JESUS, UN INVITE QUI DERANGE

Cottanceau jean pierre 2015   Il nous arrive peut-être de faire le beau rêve d'accueillir Jésus dans sa maison. Imaginons la scène : Jésus vient un dimanche, le jour où nous avons pour tradition d'inviter des proches à partager le repas. Nous serions bien fiers ! Mais est-ce si évident que cela de recevoir Jésus chez soi ? D'après l'évangile de ce dimanche, c’est ce qui arrive à un chef de pharisiens, un notable qui possède une autorité morale et politique. Il reçoit des convives, dont Jésus, pour le repas du sabbat.

   Chez les pharisiens, ce repas est l'occasion de mener des débats religieux. Le passage évangélique donne d'ailleurs l'impression d'une atmosphère tendue. Jésus est connu pour faire des guérisons le jour du sabbat (voir Luc 6,1-11). Or, dans la tradition juive dominante, le repos sabbatique exclut tout type d'activité, quand bien même celle-ci consisterait à guérir. Souvenons-nous que le sabbat célèbre le repos du Créateur à la création du monde (Ex 20,8-11), et aussi la libération du peuple asservi en Egypte        (Dt 5,12-15). Jésus ne s'y oppose pas mais dans sa manière d'agir et dans ses paroles, il souhaite faire réfléchir : quel sens donner à la célébration de l'alliance le jour du sabbat.

   Dans un premier temps, aux invités qui choisissent les premières places, Jésus propose de préférer les dernières en adoptant l'attitude de l'humilité. C'est cette manière d'être qui conduit à recevoir des marques d'honneur authentiques dans la mesure où elles ne viennent pas de nous-mêmes, mais d’un autre qui nous demande d'occuper la première place.

   Dans un deuxième temps, Jésus exhorte son hôte à modifier ses habitudes. Plutôt que d'inviter à sa table des individus de même rang social, pourquoi ne pas inviter des pauvres, des estropiés... c'est-à-dire des personnes qui ne seront jamais en mesure de rendre la pareille ?

   Dans les deux cas, Jésus ne vise pas les règles de convenance.
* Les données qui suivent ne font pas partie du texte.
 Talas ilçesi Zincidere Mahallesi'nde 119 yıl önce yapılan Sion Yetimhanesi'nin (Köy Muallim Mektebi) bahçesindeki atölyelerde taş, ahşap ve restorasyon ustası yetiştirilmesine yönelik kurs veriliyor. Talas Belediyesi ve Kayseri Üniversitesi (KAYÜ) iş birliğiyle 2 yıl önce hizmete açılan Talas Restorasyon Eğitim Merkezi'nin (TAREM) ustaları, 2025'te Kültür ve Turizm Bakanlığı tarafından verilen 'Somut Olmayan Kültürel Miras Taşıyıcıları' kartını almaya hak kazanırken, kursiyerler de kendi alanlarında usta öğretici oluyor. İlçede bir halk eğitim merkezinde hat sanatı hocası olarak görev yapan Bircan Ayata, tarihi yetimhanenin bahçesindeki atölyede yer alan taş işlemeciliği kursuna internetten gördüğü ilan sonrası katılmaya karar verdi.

Il les dépasse en incitant ses interlocuteurs à adopter des attitudes qui plaisent au Père. Dieu élèvera l'homme qui se place en toute humilité devant Lui et qui le reconnaît comme son Créateur et son Père. De même qu'Il récompensera lui-même la générosité de celui qui s'ouvre activement à la misère des autres : « cela te sera rendu à la résurrection des justes ».
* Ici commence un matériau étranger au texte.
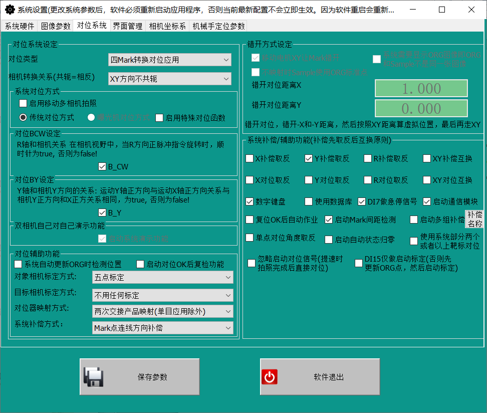 实现原理是在标定和映射时,软件记录设备相机各轴的坐标位置和搬运轴拍照位置、贴合位置等位置信息。此时做好标定和映射的数据的设备各轴位置数据作为标定时的原始位置信息,此后调试各轴位置,通知软件修改生产时的各轴位置,在对位关系上做出算法补偿计算,实现改变各轴改变位置后的贴合对应关系不变。

   Accueillir Jésus conduit manifestement à envisager la convivialité de nos relations de manière renouvelée. Oui, prendre Jésus chez soi, dans sa vie, est une grâce. Car sa présence produit des effets bénéfiques quant à l'authenticité évangélique de nos manières de vivre. Il paraît cependant évident que si nous continuons de nous accrocher à des mérites extérieurs pour obtenir des marques d'honneur en oubliant notre dépendance vis-à-vis de Dieu, et si nous continuons d'exercer une générosité intéressée, alors là, oui, Jésus peut devenir un invité qui dérange.